Concepedia

TLDR

Cities must assess building energy performance to meet reduction goals, yet current top‑down benchmarking lacks actionable insights, while smart‑meter analytics offer the chance to capture previously undetectable temporal fluctuations. This study develops daily, period‑segmented building energy benchmarks from smart‑meter data to quantify differences from conventional annual benchmarks and assess their utility for near‑real‑time energy management. The authors segment data into occupied/unoccupied periods during the school year, occupied/unoccupied periods during summer, and peak summer demand, using these intervals to generate the benchmarks. Temporally segmented benchmarks differ from overall benchmarks, exposing periods of over‑ or under‑performance, providing a more accurate efficiency measure, and establishing a foundation for digital‑twin‑enabled urban energy management and large‑scale smart optimization.

Abstract

To meet energy-reduction goals, cities are challenged with assessing building energy performance and prioritizing efficiency upgrades across existing buildings. Although current top-down building energy benchmarking approaches are useful for identifying overall efficient and poor performers across a portfolio of buildings at a city scale, they are limited in their ability to provide actionable insights regarding efficiency opportunities. Concurrently, advances in smart metering data analytics combined with new data streams available via smart metering infrastructure present the opportunity to incorporate previously undetectable temporal fluctuations into top-down building benchmarking analyses. This paper leveraged smart meter electricity data to develop daily building energy benchmarks segmented by strategic periods to quantify their variation from conventional, annual energy benchmarking strategies and investigate how such metrics can lead to near real-time energy management. The periods considered include occupied periods during the school year, unoccupied periods during the school year, occupied periods during the summer, unoccupied periods during the summer, and peak summer demand periods. Results showed that temporally segmented building energy benchmarks are distinct from a building’s overall benchmark.

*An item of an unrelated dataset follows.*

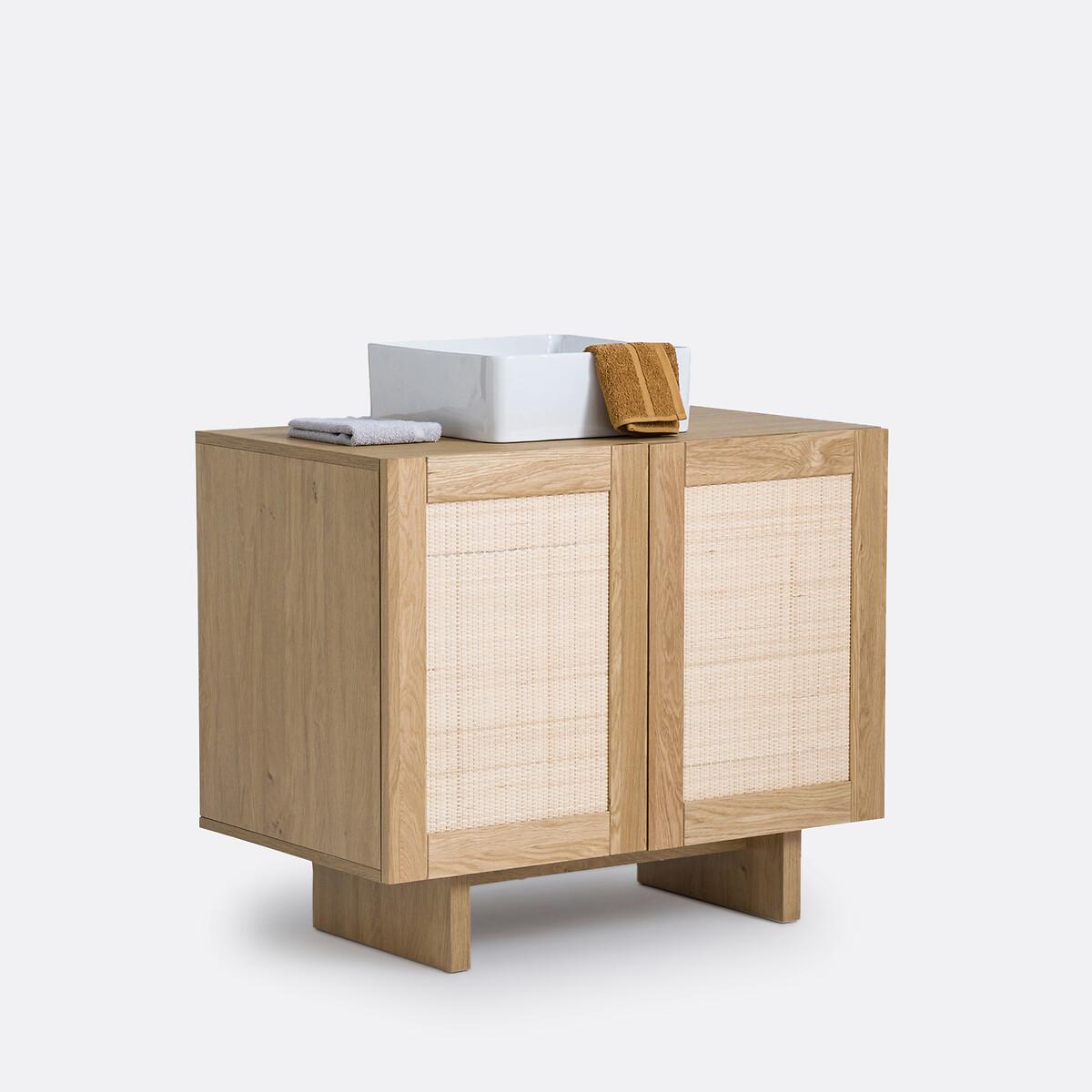 Skandinavischer Stil, puristische Linien: Die Serie Arty verbindet helles Holz und Rohrgeflecht. Die Möbel dieser Serie bringen eine warme, gemütliche Note ins Badezimmer. Design by La Redoute Intérieurs. Hergestellt in Europa.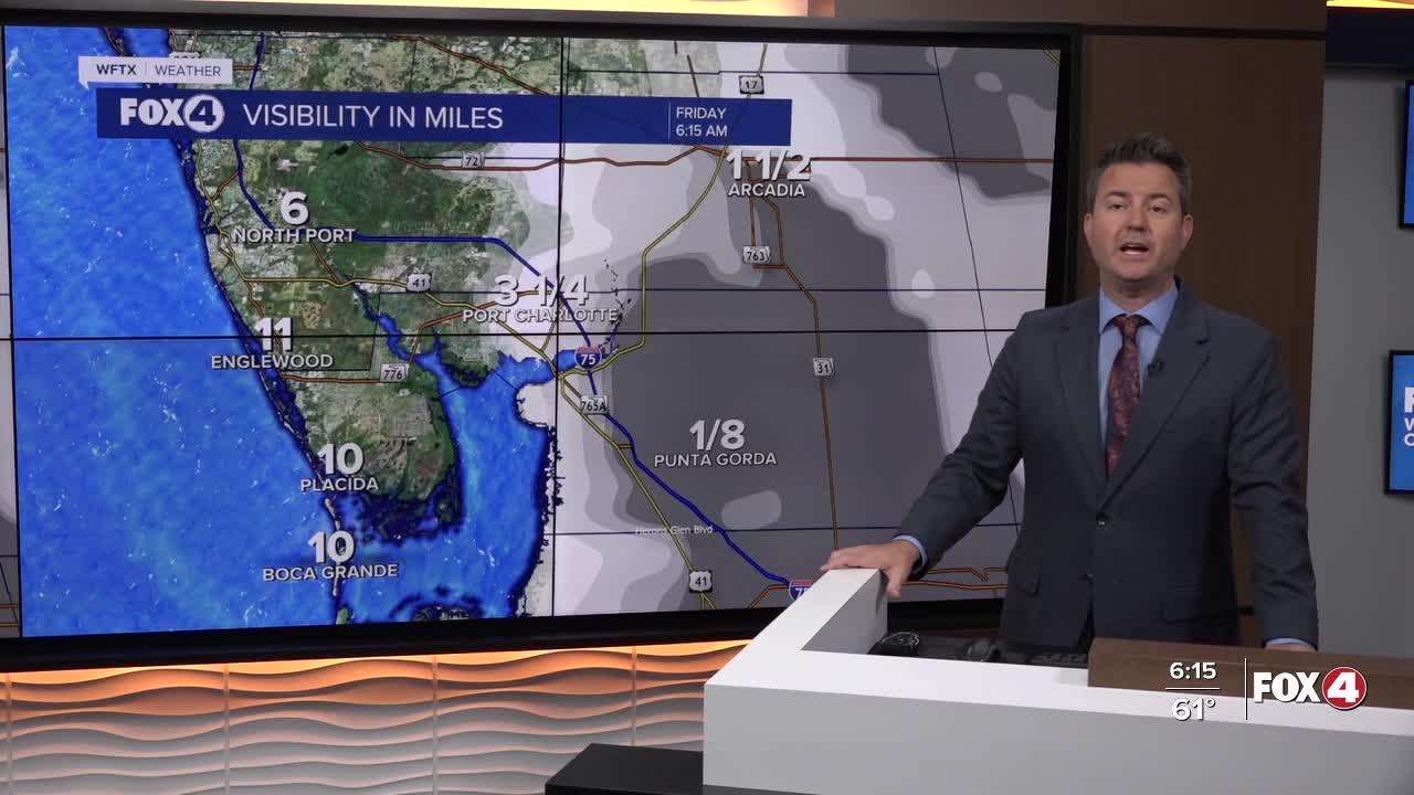 Good morning, Southwest Florida! We are waking up with fog around the area this morning with visibility limited to less than 1/2 a mile in many locations. Our temperatures are in the low to mid 60s, which is above our average low of 57°. The fog will mix out after sunrise which is at 6:59am this morning. Today the winds will once again be out of the southwest and that will quickly warm us up and give us a few passing clouds. Temperatures will be in the mid 80s. We are forecasting 86° this afternoon and that forecast will hold for Saturday as well.

This demonstrates that a building’s overall benchmark masks periods in which a building is over- or underperforming during the day, week, or month; thus, temporally segmented energy benchmarks can provide a more specific and accurate measure for building efficiency. We discussed how these findings establish the foundation for digital twin–enabled urban energy management platforms by enabling identification of building retrofit strategies and near-real-time efficiency in the context of the performance of an entire building portfolio. Temporally segmented energy benchmarking measures generated from smart meter data streams are a critical step for integrating smart meter analytics with building energy benchmarking techniques, and for conducting smarter energy management across a large geographic scale of buildings.